Quote the material exactly from the line that contains "2 Bedroom, 2" through its last line. Any pictures are to be left out.

====== Records provided

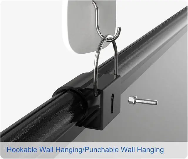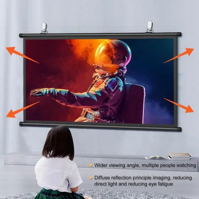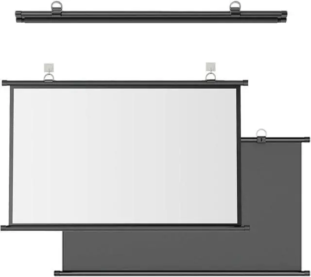 Easy Installation--The wall mounted projection screen is designed with a black frame and hanging holes, use the hook to hang the screen on the wall to complete the installation, simple operation. When not in use, the screen can be rolled up and stored easily.
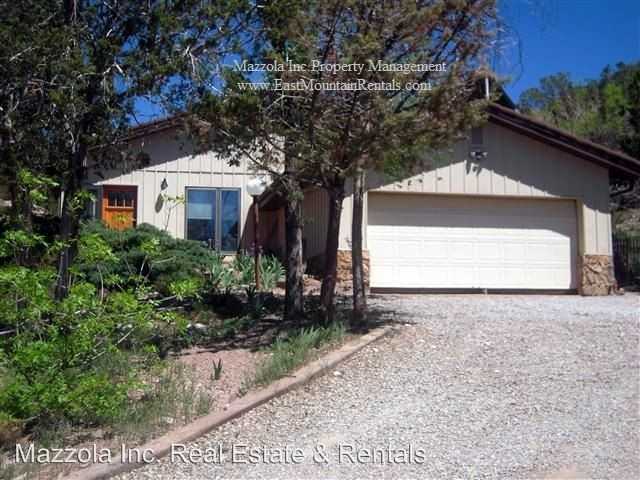 2 Bedroom, 2 Bathroom Home in Tijeras, NM. - 8-month lease only, Oct 2016 - May 2017. Close in Tijeras location but secluded on 9 acres, adjoining Nation Forest. Property does not map correctly and is 1 1/2 miles South of I-40 off of Primera Agua. This contemporary 2 bedroom home has walls of glass, slate tile floors. Master bedroom with stone fireplace and stunning custom remodeled bathroom, large walk-in closet. Dining room and spacious kitchen, all appliances. Stone fireplace in open living area. Large brick patio, 2-car garage, private gated access. Call Liz for more information or a showing, (505) 250-1250.
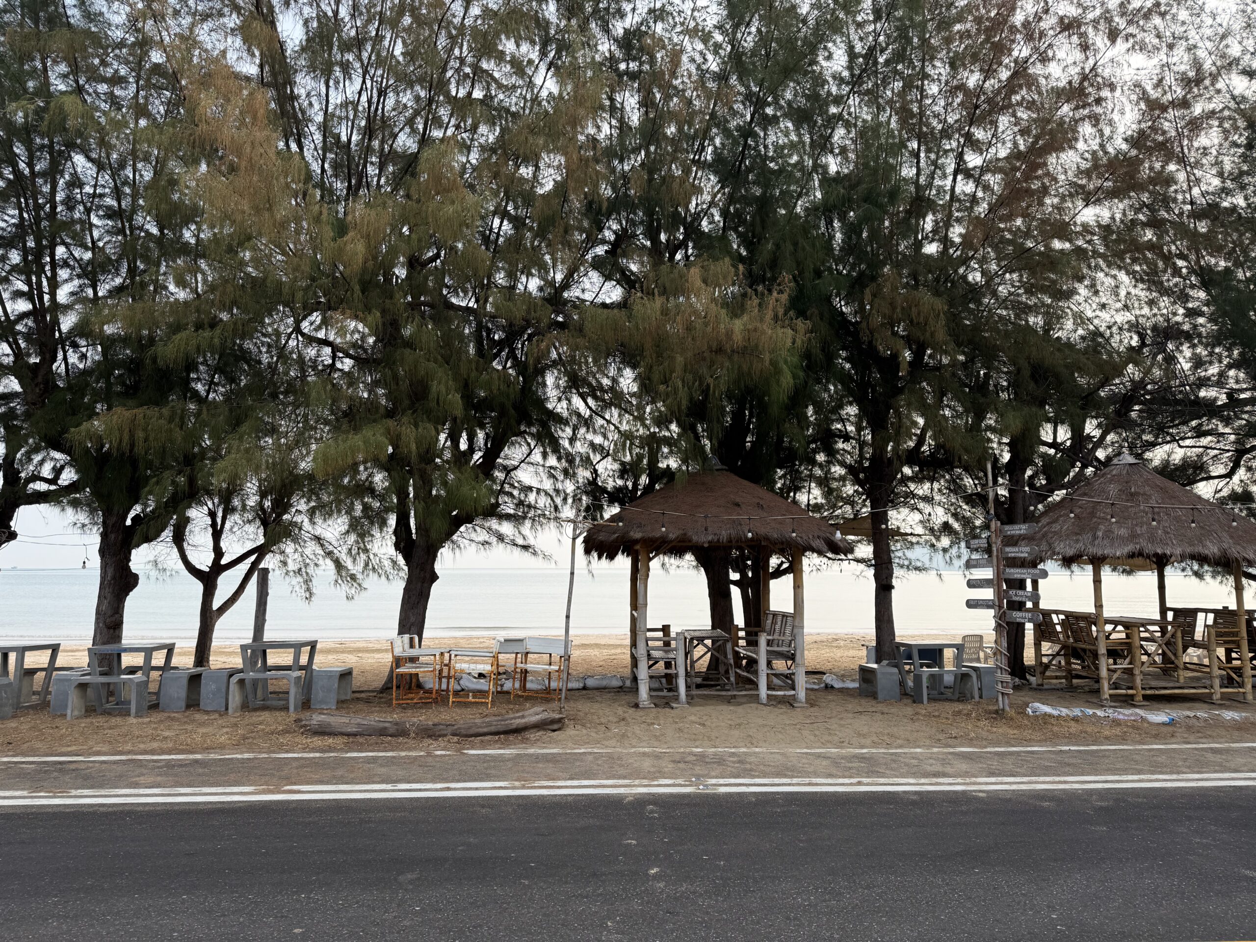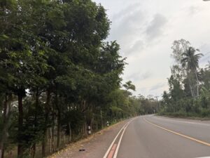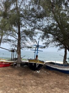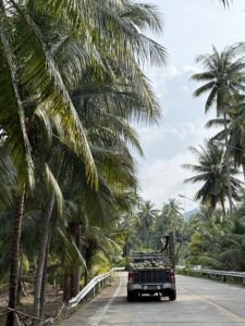 So gut wie möglich ohne Schnellstraße an der Küste entlang. Abseits der nicht vorhanden Touristenwege 😀 Fischerdörfer, Palmen-Plantagen, leeren Stränden, leeren Hotels, … Hier ist der internationale Tourismus noch nicht angekommen. Man erkennt, dass es Versuche gab,- aber es scheint, als seien diese irgendwie gescheitert.
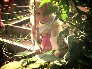 He picks two tomatoes straight off the vine and walks back to the swing set. A red beauty lands in my lap mid-swing. I jump off, red beauties folded up in my summer shirt, and join him closer to the garden.
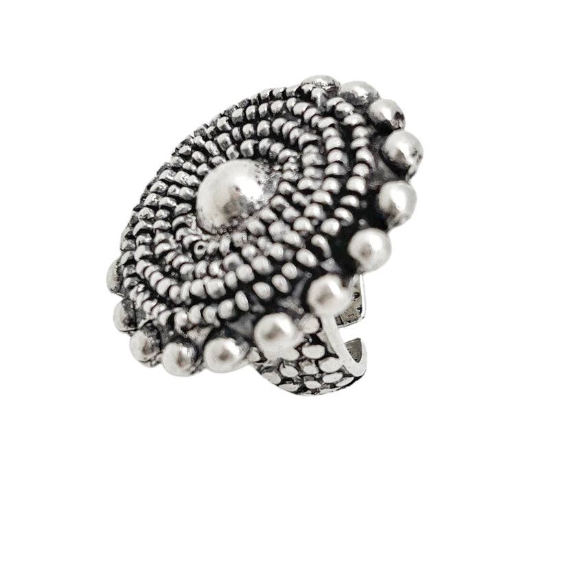 Anello con design a foglia d'argento color ambra cognac

============

### Solved problem
 2 Bedroom, 2 Bathroom Home in Tijeras, NM. - 8-month lease only, Oct 2016 - May 2017. Close in Tijeras location but secluded on 9 acres, adjoining Nation Forest. Property does not map correctly and is 1 1/2 miles South of I-40 off of Primera Agua. This contemporary 2 bedroom home has walls of glass, slate tile floors. Master bedroom with stone fireplace and stunning custom remodeled bathroom, large walk-in closet. Dining room and spacious kitchen, all appliances. Stone fireplace in open living area. Large brick patio, 2-car garage, private gated access. Call Liz for more information or a showing, (505) 250-1250.
 So gut wie möglich ohne Schnellstraße an der Küste entlang. Abseits der nicht vorhanden Touristenwege 😀 Fischerdörfer, Palmen-Plantagen, leeren Stränden, leeren Hotels, … Hier ist der internationale Tourismus noch nicht angekommen. Man erkennt, dass es Versuche gab,- aber es scheint, als seien diese irgendwie gescheitert.
 He picks two tomatoes straight off the vine and walks back to the swing set. A red beauty lands in my lap mid-swing. I jump off, red beauties folded up in my summer shirt, and join him closer to the garden.
 Anello con design a foglia d'argento color ambra cognac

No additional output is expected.